Twitch, the live-streaming platform from Amazon, recently announced that it suffered an enormous data breach that exposed the company’s source code, users’ income streams and more.
The breach was posted on the message board 4chan, a popular hacker forum. Worryingly, the hacker’s post suggested that this leak was just the start. It labelled the post “part one”, meaning there could be a part two, even a part three, in the coming days.
According to online sources, the trove of data – which is in the form of a 125 GB torrent, includes:
- All of Twitch’s source code “going back to its early beginnings”
- Proprietary software development kits and internal AWS services used by Twitch
- An unreleased Steam competitor, codenamed Vapor, from Amazon Game Studios
- Data about twitch properties like IGDB and CurseForge
- Creator revenue reports from 2019 to 2021
- Mobile, desktop and console Twitch clients
- A cache of internal “red teaming” tools designed to improve security
Following the leak, Twitch released a statement about the incident, as you can see in the Twitter post above.
In a blog about the incident, Twitch also shared a key detail. The breach was caused by “a server configuration change that was subsequently accessed by a malicious third party.”

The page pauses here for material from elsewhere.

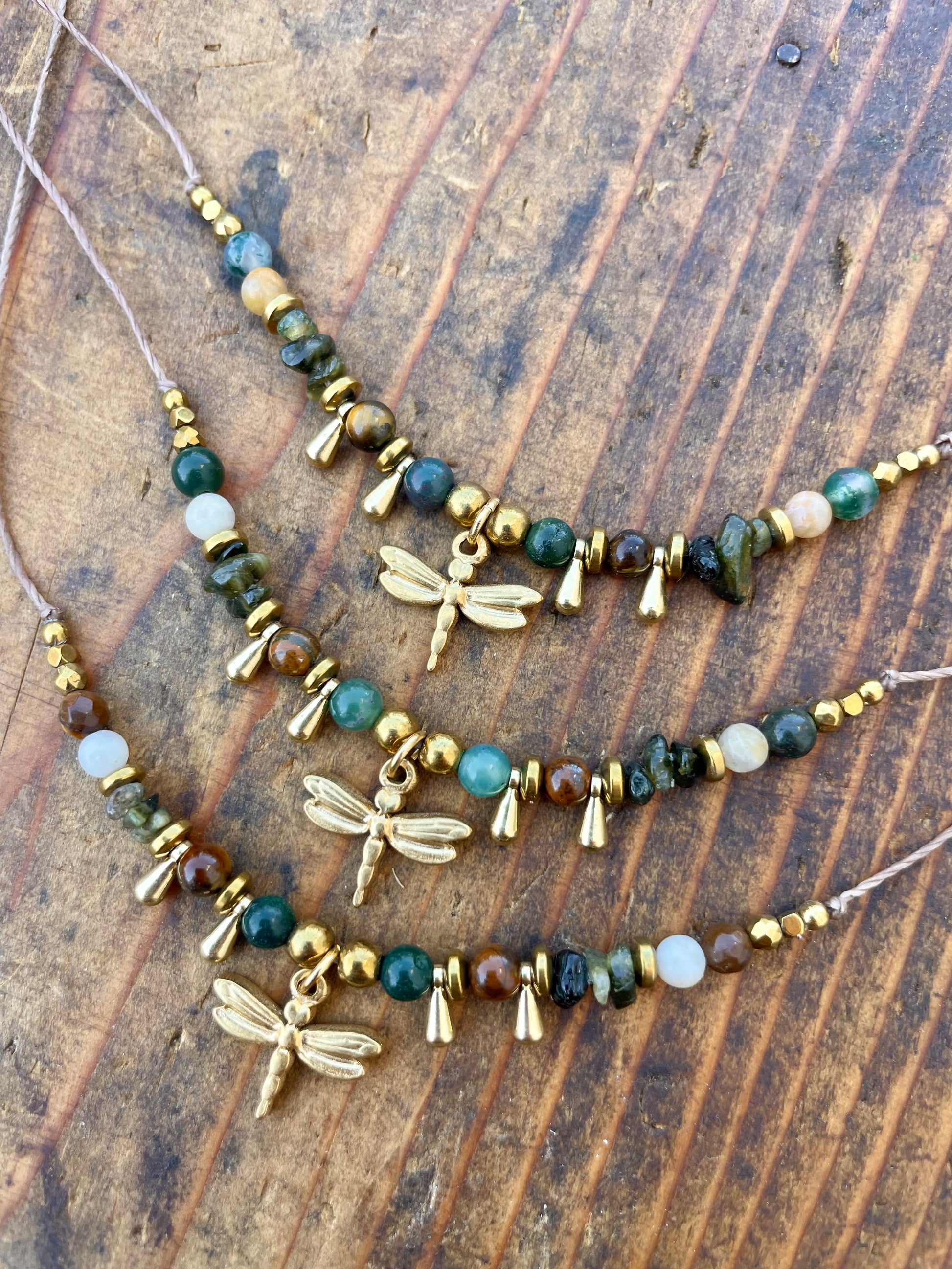 Eine stilvolle, größenverstellbare Kette aus braunem Linhasita-Garn, geschmückt mit warmen Tigerauge-Steinen, edlem Achat, grünem Turmalin, Quarz und einem Libellen-Anhänger aus vergoldetem Edelstahl. Dieses einzigartige Accessoire vereint natürliche Eleganz und zeitloses Design – ideal für Alltag und besondere Anlässe.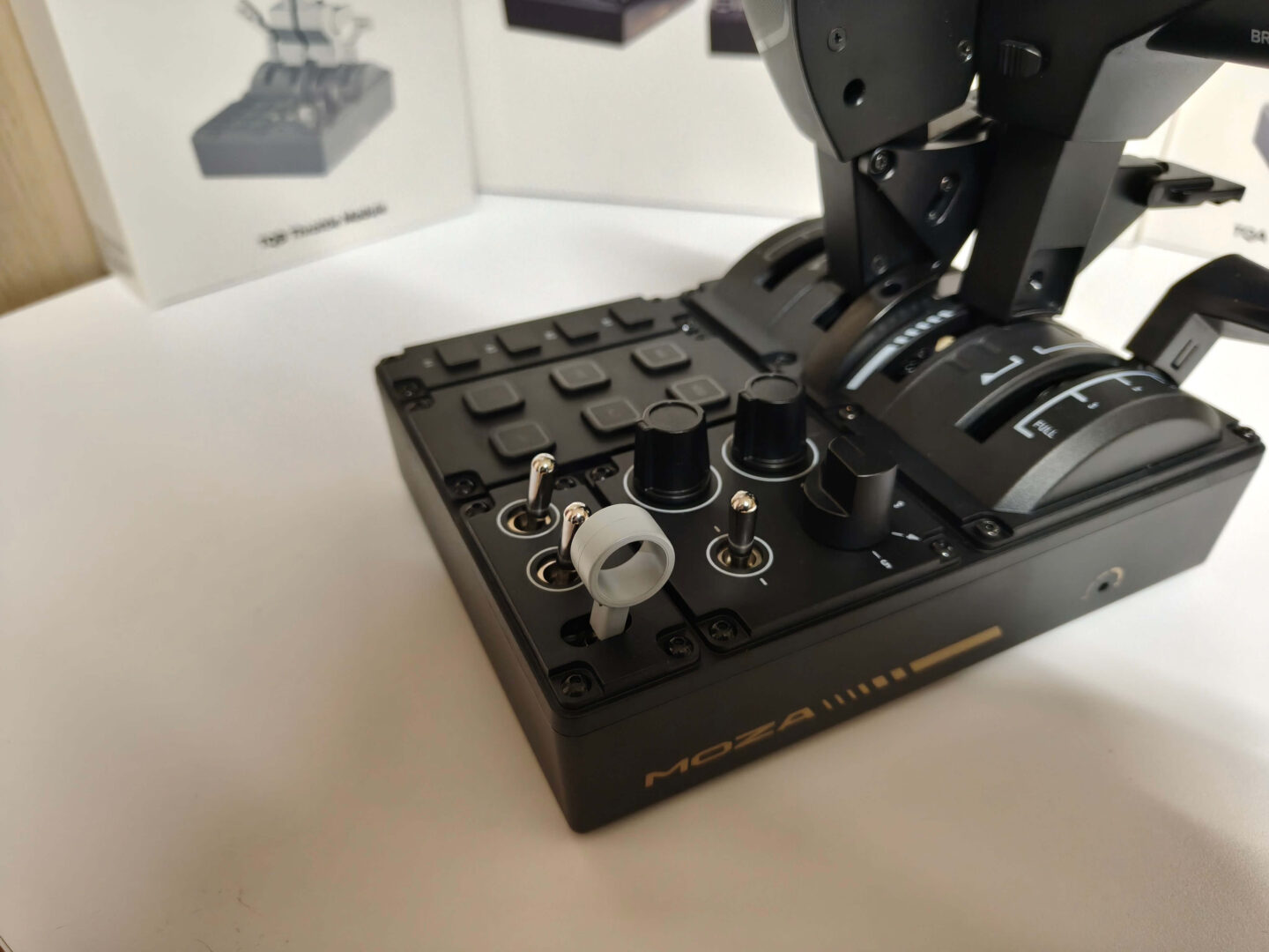Wszystkie elementy wykonano z wytrzymałych materiałów kompozytowych. MOZA MTQ Throttle Quadrant, to bez wątpienia bardzo dobry i wszechstronny panel sterowania. Znajdziemy na nim 23 fizyczne elementy sterujące, w tym 10 przycisków wielofunkcyjnych, 3 pokrętła, 3 przełączniki i dedykowaną dźwignią podwozia. Do tego sześć środkowych podpisanych przycisków ma podświetlenie RGB w 16,7 mln kolorów. Każdy element sterujący jest starannie rozmieszczony w ergonomicznych strefach, co zapewnia bezproblemowy dostęp. MOZA MTQ Throttle Quadrant możesz kupić w oficjalnym sklepie MOZA w cenie 219 euro.

While we don’t know the exact cause of the misconfiguration, this leak is not surprising. As more and more companies embrace infrastructure-as-a-service (IaaS) and software-as-a-service (SaaS) platforms, breaches brought about by misconfiguration issues are becoming more common. In fact, Gartner believes that, by 2025, 99% of cloud security failures will be the customer’s fault.
So, how can you prevent your company from ending up in the headlines like Twitch? Here are a few things to consider.
- Use cloud security posture management tools: Cloud security posture management (CSPM) is the ongoing process of monitoring cloud platform account configurations to ensure that you are compliant with regulations such as HIPAA, GDPR and even PCI. Through predefined policiesand data analysis, CSPM solutions can find and remediate misconfigurations automatically before hackers get your hands on your data.
- Enable multi-factor authentication: MFA should be enabled on all root and user accounts to prevent a brute-force attack. It would be best if you also changed your root account password regularly.
- Use a cloud-based DLP: Leaky S3 buckets, unencrypted data sets and disabling CloudTrail are all common ways for AWS misconfigurations to occur. However, if you deploy a cloud-based data loss prevention (DLP) solution, then you can prevent sensitive data loss, even in cases where a misconfiguration occurs. Using APIs, cloud-enabled DLP extends data protection outside of the corporate network and directly into SaaS applications, giving security teams much needed control and visibility over how data is being used and stored – no matter where it travels.